I am using the Kalman Filter with an EM algorithm, (schumway and stoffer).

From my understanding the log likelihood should monotonically increase.

In some instances however I obtain a decrease in the log likelihood,

What can I infer from this?

Has anyone experience of these issues or know if it's ok to simply stop the algorithm whenever there is an increase?

Thanks

Emma

D H · Feb 17, 2014

You haven't said how you are combining a Kalman filter with EM (sounds interesting!), so it's a bit tough to say what's going on.

You do not want the error covariance in a Kalman filter to monotonically decrease. That's not a good Kalman filter.

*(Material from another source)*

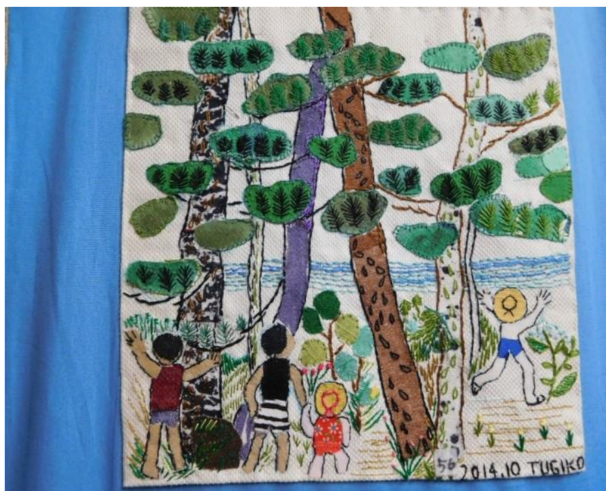
Figure 4 Embroidery made by a woman in the affected area

That's a "don't confuse me with the facts" filter. If your inputs are always of the same type, same quality, and arrive at a fixed rate, your filter should settle down to a steady state where decrease in the covariance from the Kalman update and increase in covariance from the plant noise balance each other out. You need that plant noise or your filter will essentially reject incoming data as irrelevant.

If you get different types of inputs at different rates, some perhaps even asynchronously, you should see the error covariance increase during intervals of low quality inputs, and then drop when you get a high quality input. The ideal behavior in terms of the covariance is a saw tooth pattern. You don't want the covariance to blow up (your estimated state is meaningless), but you don't want it to collapse either (your estimated state is a fiction).

You are somehow adding EM to the mix. You didn't say how, you didn't say how (or even if) you are relating the error covariance to the log likelihood. One possibility is that in periods when the covariance increases the log likelihood decreases. Another possibility: You are pushing the EM algorithm too hard. That's an ever present issue with machine learning. The EM algorithm side of your system is perceiving something as being signal rather than noise, while the Kalman filter side perceives it as noise rather than signal.

emmasaunders12 · Feb 18, 2014

Hi DH, thanks for the reply.

I am using the EM algorithm to estimate the parameters of the kalman model. There is a closed form expression for the joint likelihood of observation and hidden state. The E step uses the solutions from Kalman smoothing, the maximizing solutions of the joint pdf can then give new parameter estimates of the system. Bear in mind I'm not using a physical model here, my model is learned from training data.

I do get an increase in the error covariance of the smoother output but not sure what I would do to circumnavigate this, any further suggestions?

Thanks

Emma

emmasaunders12 · Feb 18, 2014

Do add to the comment DH,

the trace of the covariance decreases so I'm assuming this satisfies the condition you mentioned previously.

The positions I am tracking however I have the ground truth data for, so even when I get reduced error covariance, this doesn't necessarily coincide with minimum error from the ground truth state, is there any reasons you may have for this?

Thanks

Emma

D H · Feb 18, 2014

You must be modeling something; how else could you use a Kalman filter? Plant noise is an essential part of any Kalman filter. Without it, the covariance will eventually collapse, making the filter ignore all inputs. If you have reasonable plant noise, then inputs of varying nature can naturally make the error covariance grow. For example, a Kalman filter whose ultimate outputs are position and velocity will exhibit a growing covariance matrix when the only inputs are acceleration. The filter need occasional measurements of something other than acceleration to keep a firm grasp on the estimated state. A good velocity measurement will directly reduce the velocity uncertainties and indirectly reduce the position uncertainties, while a good position measurement will directly reduce the uncertainties in the position and indirectly reduce the uncertainties in velocity.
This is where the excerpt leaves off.